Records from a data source
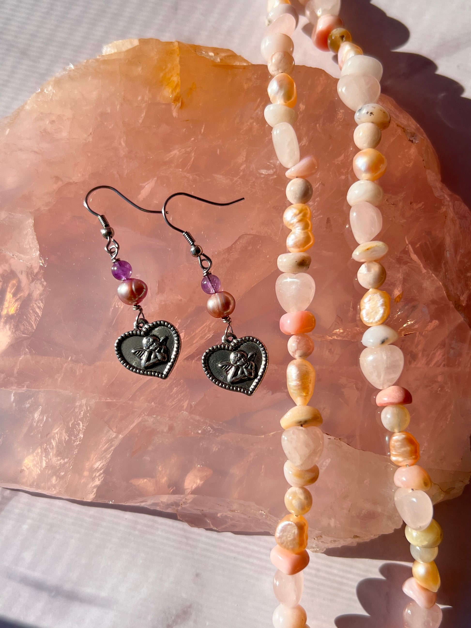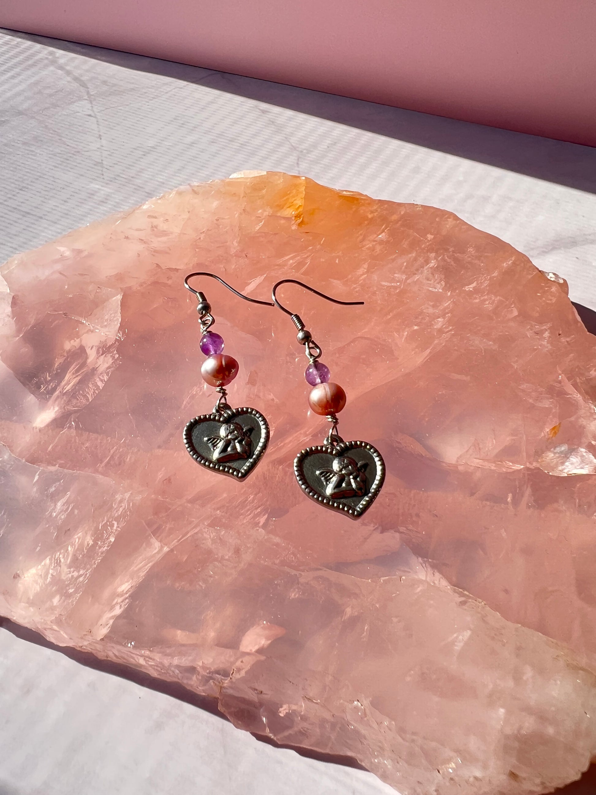 Lavender Pearl + Amethyst Cherub Earrings
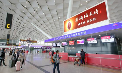 媒體價格:600萬/組 位于四層出發辦票大廳安檢通廊上方,旅客必經之路
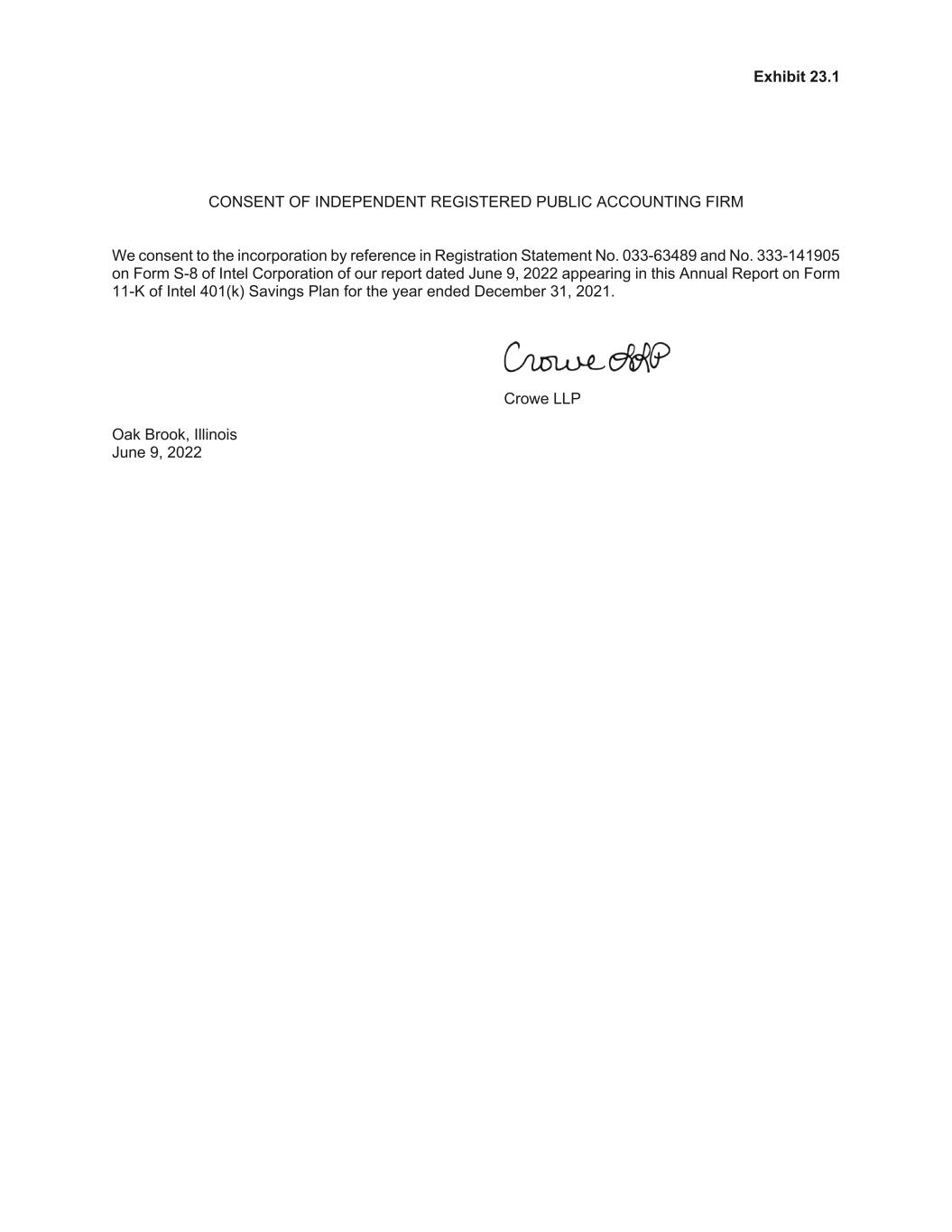 Exhibit 23.1 CONSENT OF INDEPENDENT REGISTERED PUBLIC ACCOUNTING FIRM We consent to the incorporation by reference in Registration Statement No. 033-63489 and No. 333-141905 on Form S-8 of Intel Corporation of our report dated June 9, 2022 appearing in this Annual Report on Form 11-K of Intel 401(k) Savings Plan for the year ended December 31, 2021. Crowe LLP Oak Brook, Illinois June 9, 2022
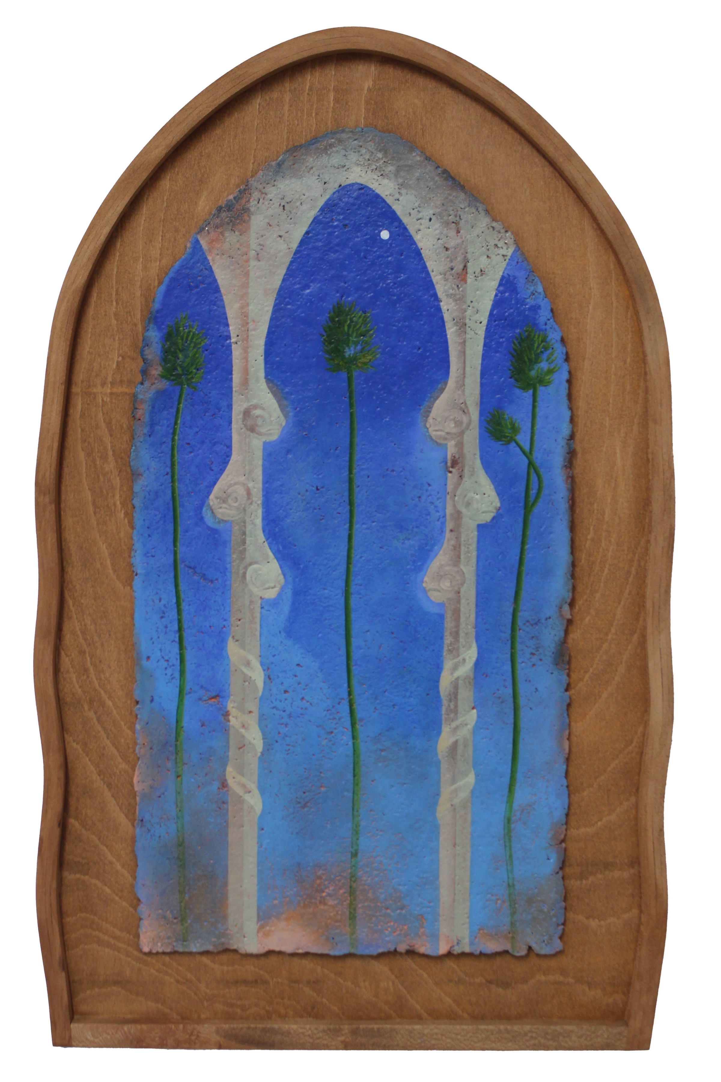 The Calling, oil on handmade paper in London Plane frame, 84.6 x 54.5 x 2.8 cm
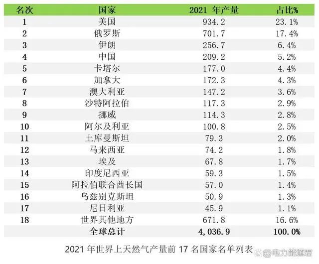今年2022年发布的2021年世界各国天然气的产量统计数据,仍为当前最新数据。下面的表格给出了2021年世界上天然气产量最多的17个国家,不均衡性相当明显。
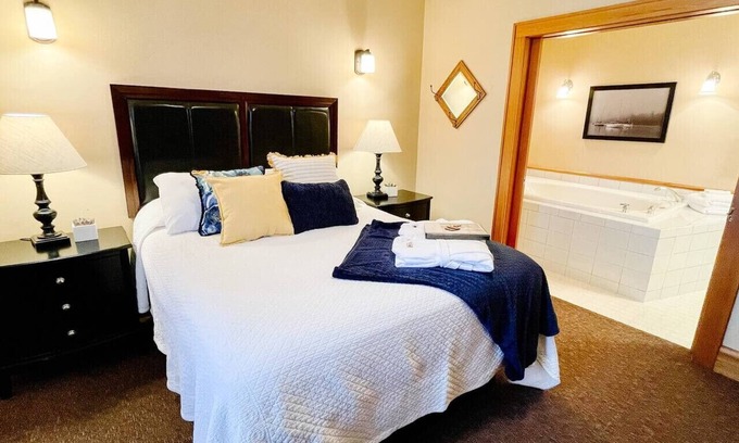 Michigan Suite: One of four upper-level queen suites located at the six unit Bayfield Guest House in the heart of downtown Bayfield. These suite style rooms are designed for couples and solo travelers looking for a relaxing getaway to Bayfield. The Michigan Suite is a queen suite with a spacious bathroom and jacuzzi tub.
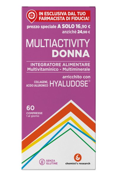 Integratore alimentare completo con vitamine, minerali e Hyaludose (complesso bilanciato di acido ialuronico e collagene), formulato in maniera specifica per sostenere i fabbisogni nutrizionali della donna.
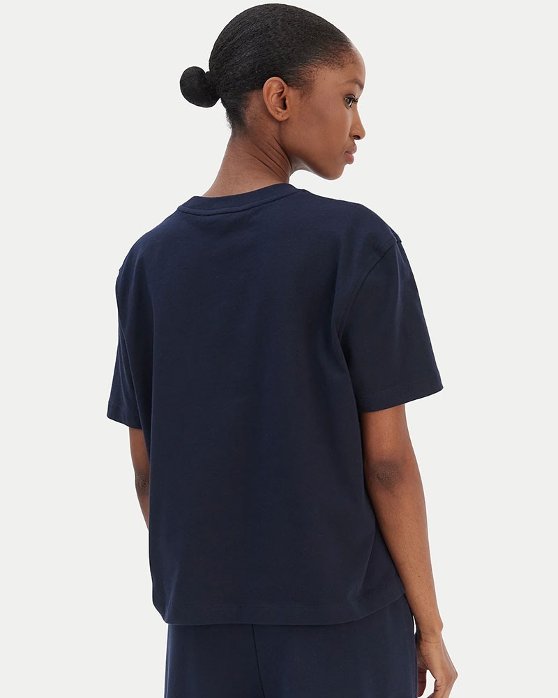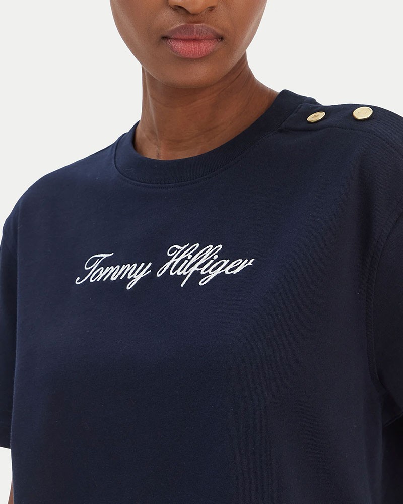 La colección Tommy Hilfiger presenta una camiseta de corte holgado que permite total libertad de movimiento, confeccionada en algodón elástico. Cuenta con cuello redondo clásico y botones decorativos en el hombro. Logotipo bordado.
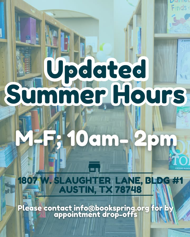 As we approach the summer season, please note our adjusted office hours starting June 1st. For any large book drop-offs outside these hours, kindly email us at info@bookspring.org or use the donation bin located outside our headquarters! Stay cool and keep reading! (fb)
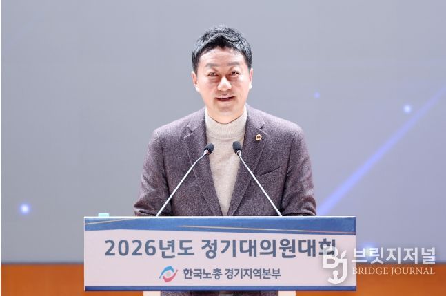 브릿지저널 윤나영 기자 | 경기도의회 김진경(더민주·시흥3) 의장은 24일 열린 한국노총 경기지역본부(의장 김연풍) 2026년 정기대의원대회에서 노동자가 중심이 되는 노동의 지속가능성을 강조했다.
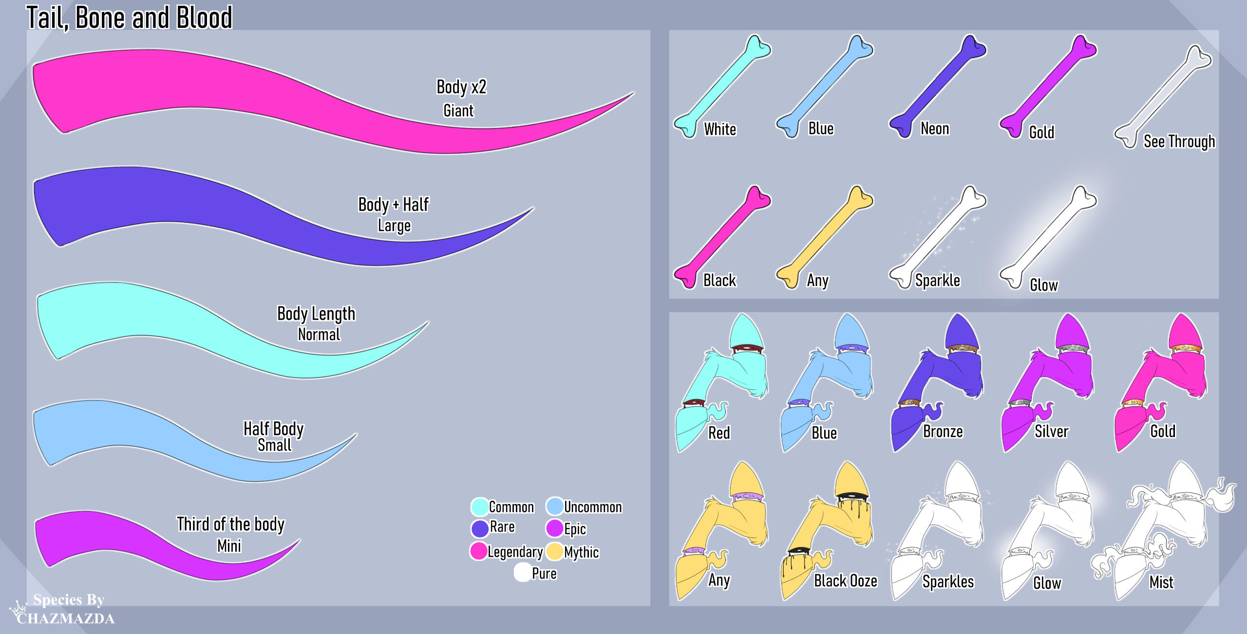 ・❥・Bronze, Silver and Gold blood types have a shine to them as they are metallic.・❥・Blue and red can be any shade of those colours.・❥・Black ooze is sticky and will stick to anything.Bone
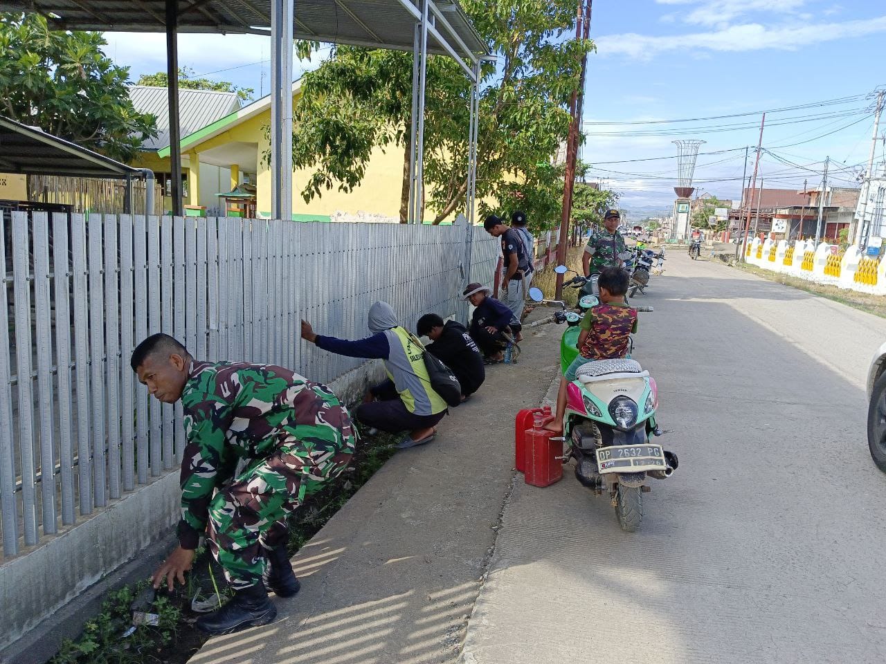 Sidrap – Dalam rangka menjaga kebersihan dan kesehatan lingkungan, personel Koramil 1420-02/Tellu Limpoe memanfaatkan waktu liburnya dengan menggelar karya bakti bersama warga di Kelurahan Arateng, Kecamatan Tellu Limpoe, Kabupaten Sidrap, Kamis (29/5/2025).
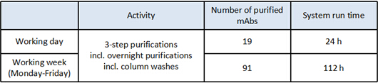 ??采用Protein A - CIEX - Desalting三步向?qū)K,每次上樣10 mL單抗上清液(1.0 mg/mL),每次產(chǎn)量均≥6.5 mg。單個樣品的純化耗時約為74 min,在24 h內(nèi)純化出多達(dá)19個樣品!而且該時間包含了層析柱的清洗環(huán)節(jié)。該系統(tǒng)持續(xù)運(yùn)行5天,純化樣品總數(shù)量高達(dá)91個。

Instructions for the task ▸ Pictures are to be left out, and the lines from the beginning of the records through the line with "La colección Tommy" are to be printed exactly, with nothing added.

Result for this task ▸
 Lavender Pearl + Amethyst Cherub Earrings
 媒體價格:600萬/組 位于四層出發辦票大廳安檢通廊上方,旅客必經之路
 Exhibit 23.1 CONSENT OF INDEPENDENT REGISTERED PUBLIC ACCOUNTING FIRM We consent to the incorporation by reference in Registration Statement No. 033-63489 and No. 333-141905 on Form S-8 of Intel Corporation of our report dated June 9, 2022 appearing in this Annual Report on Form 11-K of Intel 401(k) Savings Plan for the year ended December 31, 2021. Crowe LLP Oak Brook, Illinois June 9, 2022
 The Calling, oil on handmade paper in London Plane frame, 84.6 x 54.5 x 2.8 cm
今年2022年发布的2021年世界各国天然气的产量统计数据,仍为当前最新数据。下面的表格给出了2021年世界上天然气产量最多的17个国家,不均衡性相当明显。
 Michigan Suite: One of four upper-level queen suites located at the six unit Bayfield Guest House in the heart of downtown Bayfield. These suite style rooms are designed for couples and solo travelers looking for a relaxing getaway to Bayfield. The Michigan Suite is a queen suite with a spacious bathroom and jacuzzi tub.
 Integratore alimentare completo con vitamine, minerali e Hyaludose (complesso bilanciato di acido ialuronico e collagene), formulato in maniera specifica per sostenere i fabbisogni nutrizionali della donna.
 La colección Tommy Hilfiger presenta una camiseta de corte holgado que permite total libertad de movimiento, confeccionada en algodón elástico. Cuenta con cuello redondo clásico y botones decorativos en el hombro. Logotipo bordado.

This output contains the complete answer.